Exercise -
Below are some records; quote exactly the lines from the one that contains "今日イルカ組のお友達は 英語教室に参加しました! お名前を呼ばれると上手に「here!」と" through the one that contains "VUONNA 2020 | |", inclusive, and no others.

Records provided -
========================================================================

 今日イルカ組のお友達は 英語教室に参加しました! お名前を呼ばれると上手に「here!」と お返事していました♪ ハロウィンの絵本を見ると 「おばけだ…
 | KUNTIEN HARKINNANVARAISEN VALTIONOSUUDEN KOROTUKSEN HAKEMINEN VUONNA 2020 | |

========================================================================

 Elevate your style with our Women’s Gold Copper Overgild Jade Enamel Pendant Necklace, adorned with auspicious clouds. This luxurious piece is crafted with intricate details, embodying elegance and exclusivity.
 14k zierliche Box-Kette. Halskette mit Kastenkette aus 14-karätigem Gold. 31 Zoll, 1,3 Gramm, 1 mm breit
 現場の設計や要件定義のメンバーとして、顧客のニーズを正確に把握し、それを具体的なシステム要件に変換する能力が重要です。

========================================================================

Result -
 今日イルカ組のお友達は 英語教室に参加しました! お名前を呼ばれると上手に「here!」と お返事していました♪ ハロウィンの絵本を見ると 「おばけだ…
 | KUNTIEN HARKINNANVARAISEN VALTIONOSUUDEN KOROTUKSEN HAKEMINEN VUONNA 2020 | |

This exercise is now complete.